The problem with using the usual monadic approach to processing data accumulated through IO is that the Prelude tools require us to manifest large amounts of data in memory all at once before we can even begin computation.

mapM :: Monad m => (a -> m b) -> [a] -> m [b]
sequence :: Monad m => [m a] -> m [a]

Reading from the file creates a thunk for the string that forced will then read the file. The problem is then that this method ties the ordering of IO effects to evaluation order which is difficult to reason about in the large.

Consider that normally the monad laws ( in the absence of seq ) guarantee that these computations should be identical. But using lazy IO we can construct a degenerate case.

import System.IO

main :: IO ()
main = do
  withFile "foo.txt" ReadMode $ \fd -> do
    contents <- hGetContents fd
    print contents
  -- "foo\n"

  contents <- withFile "foo.txt" ReadMode hGetContents
  print contents
  -- ""

So what we need is a system to guarantee deterministic resource handling with constant memory usage. To that end both the Conduits and Pipes libraries solved this problem using different ( though largely equivalent ) approaches.

pipes

await :: Monad m => Pipe a y m a
yield :: Monad m => a -> Pipe x a m ()

(>->) :: Monad m
      => Pipe a b m r
      -> Pipe b c m r
      -> Pipe a c m r

runEffect :: Monad m => Effect m r -> m r
toListM :: Monad m => Producer a m () -> m [a]

Pipes is a stream processing library with a strong emphasis on the static semantics of composition. The simplest usage is to connect "pipe" functions with a (>->) composition operator, where each component can await and yield to push and pull values along the stream.

import Pipes
import Pipes.Prelude as P
import Control.Monad
import Control.Monad.Identity

a :: Producer Int Identity ()
a = forM_ [1..10] yield

b :: Pipe Int Int Identity ()
b =  forever $ do
  x <- await
  yield (x*2)
  yield (x*3)
  yield (x*4)

c :: Pipe Int Int Identity ()
c = forever $ do
  x <- await
  if (x `mod` 2) == 0
    then yield x
    else return ()

result :: [Int]
result = P.toList $ a >-> b >-> c

For example we could construct a "FizzBuzz" pipe.

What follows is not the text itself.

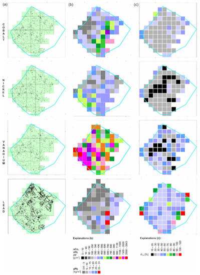 The results of the assessment of the accuracy of the prediction of metal abundance, presented in Table 5, indicate that the random error of the prediction of Ni abundance (MAE: 43–51%) is clearly lower than the analogous error of the prediction of Pb abundance (MAE: 66–69%).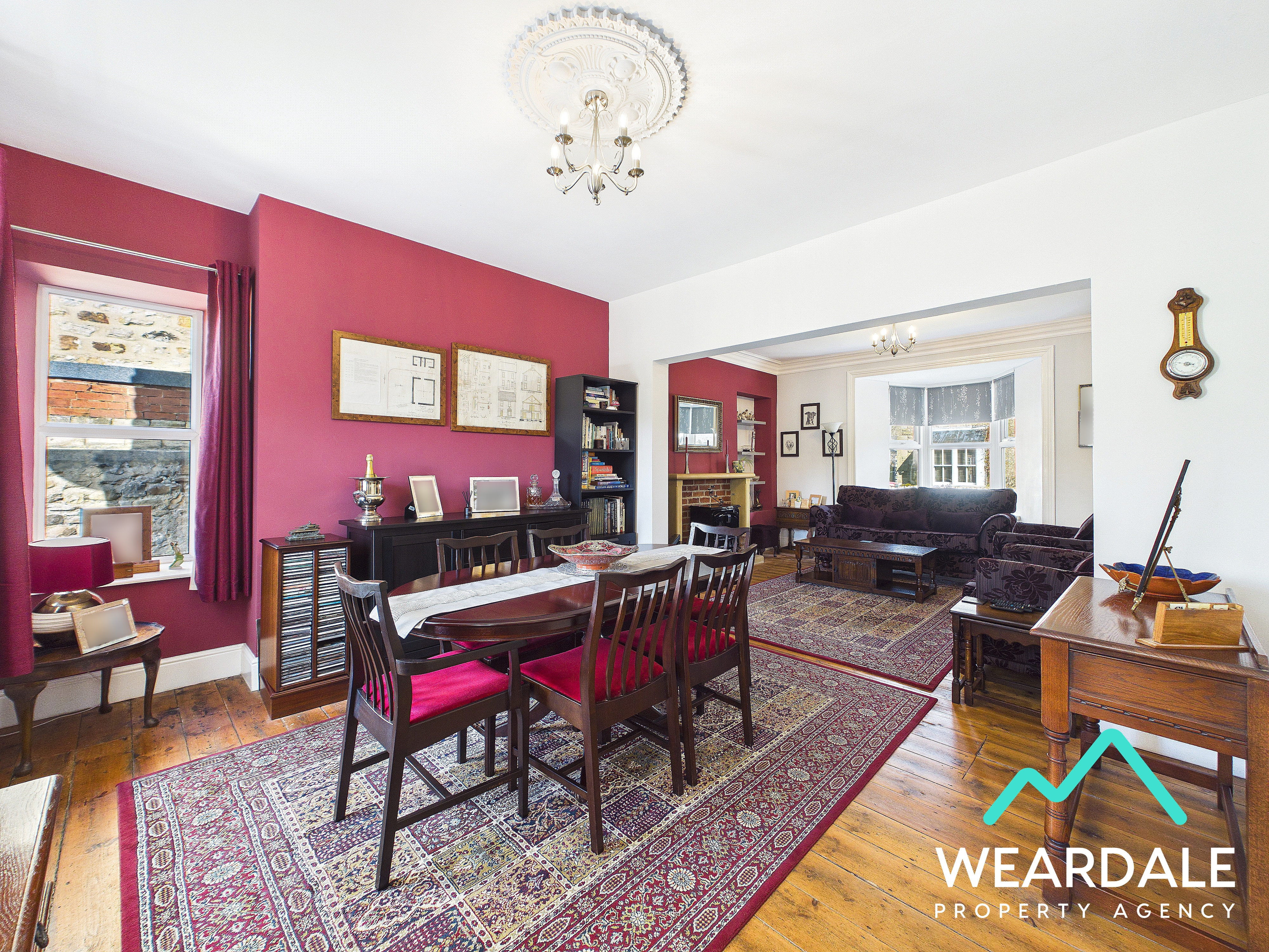 - Positioned to the rear of the property, being open-plan (4.12m x 7.39m) with the living room, and providing onward internal access to the kitchen and rear porch - Well-proportioned dining area - Dual aspect with a double-glazed uPVC window with deep wooden sill to the Southern aspect, looking over the rear yard and providing magnificent views of the surrounding hillsides. There is a further double-glazed uPVC window with deep wooden sill to the Western aspect - Original wood flooring - Neutrally decorated - Traditional ceiling rose - Ceiling light fitting - Two radiators - Space for dining furniture

{-# LANGUAGE MultiWayIf #-}

import Pipes
import qualified Pipes.Prelude as P

count :: Producer Integer IO ()
count = each [1..100]

fizzbuzz :: Pipe Integer String IO ()
fizzbuzz = do
  n <- await
  if | n `mod` 15 == 0 -> yield "FizzBuzz"
     | n `mod` 5  == 0 -> yield "Fizz"
     | n `mod` 3  == 0 -> yield "Buzz"
     | otherwise       -> return ()
  fizzbuzz

main :: IO ()
main = runEffect $ count >-> fizzbuzz >-> P.stdoutLn

To continue with the degenerate case we constructed with Lazy IO, consider than we can now compose and sequence deterministic actions over files without having to worry about effect order.

import Pipes
import Pipes.Prelude as P
import System.IO

readF :: FilePath -> Producer String IO ()
readF file = do
    lift $ putStrLn $ "Opened" ++ file
    h <- lift $ openFile file ReadMode
    fromHandle h
    lift $ putStrLn $ "Closed" ++ file
    lift $ hClose h

main :: IO ()
main = runEffect $ readF "foo.txt" >-> P.take 3 >-> stdoutLn

This is simple a sampling of the functionality of lens. The documentation for pipes is extensive and great deal of care has been taken make the library extremely thorough. pipes is a shining example of an accessible yet category theoretic driven design.

See: Pipes Tutorial

安全なpipes

bracket :: MonadSafe m => Base m a -> (a -> Base m b) -> (a -> m c) -> m c

As a motivating example, ZeroMQ is a network messaging library that abstracts over traditional Unix sockets to a variety of network topologies. Most notably it isn't designed to guarantee any sort of transactional guarantees for delivery or recovery in case of errors so it's necessary to design a layer on top of it to provide the desired behavior at the application layer.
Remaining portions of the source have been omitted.